Hydrograph of simulated versus observed flow during calibration.

Figure 2

Hydrograph of simulated versus observed flow during calibration.

Close modal

Spatial scale data such as land use/land cover, soil, and slope were defined and analyzed in HRUs analysis. The time scale data such as rainfall data, temperature data, relative humidity data, solar radiation data, and wind speed data were prepared in the text format. The weather generator data was developed for the principal station and imported into the SWAT database to generate solar radiation data, wind speed data, and relative humidity data for secondary stations. The prepared time scale data and the developed weather generator data were loaded and written in this stage of the model setup. The modification of the SWAT model database and input files is allowed in the edit SWAT input. The incorrectly inputted data could be edited so that the correct output would be generated. The input to the model is finalized and the output is generated and read after running the model in the SWAT simulation. For this study, the SWAT model was run with the historic meteorological data of 1987–2017 by keeping three years (1987–1989) for the warm-up period to avoid the impacts of the initial conditions of the model.

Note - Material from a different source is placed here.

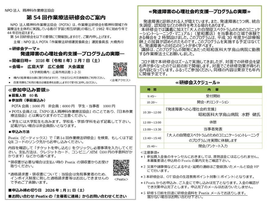 - 第54回作業療法研修会 発達障害の心理社会的支援―プログラムの実際―

The soil and water assessment tool-calibration and uncertainty procedures

The output files, which could be obtained after the SWAT model run are the results, generated corresponding to measured data and need to be calibrated and validated. SWAT Calibration and Uncertainty Procedures (SWAT-CUP) is a program that was developed to link the SWAT model output to calibration and validation programs (Addor & Melsen 2019). The SWAT-CUP requires outputs, which are extracted from the SWAT model output files to do automate calibration. The uncertain model parameters are selected roughly at the beginning and systematically changed looking at their sensitivity after each simulation. Finally, sensitive parameters with which the hydrology of the watershed could be influenced were identified and the calibration and validation of the model were accomplished through the sequential uncertainty fitting interface-2 (SUFI-2) of SWAT-CUP.

Analysis of sensitive parameters

Sensitivity analysis is an important procedure to distinguish necessary variables and its priority needed during calibration and validation of the hydrological model (Mtibaa et al. 2018). For this study, at the beginning, 18 flow parameters were selected from SWAT-CUP (Absolute_ SWAT_Value.txt). Global and One-at-a-time are two forms of sensitivity analysis (Nyeko 2015). For this purpose, a global form of sensitivity analysis that allows changing each parameter at a-time was employed. The t-stat and p-value indicate the measure and significance of sensitivity respectively (Shi et al. 2017; Qi et al. 2018) where greater absolute values of t-test indicate high sensitivity and p-value of zero results stand for larger significance.

Uncertainty analysis

As Neitsch et al. 2011 suggested, in distributed models uncertainty may arise due to model input, of the conceptual model, uncertainty from parameter and response. To get good value and help the conclusion regarding possible care policies for the case in land use/cover change, change in climate, allocation of water, and control of pollution, it is necessary to carry out calibration and uncertainty analysis of the model (Yang et al. 2008). For the study watershed, uncertainty analysis was carried out through the SUFI-2 algorithm which performed parameter uncertainty that accounted for all uncertainty.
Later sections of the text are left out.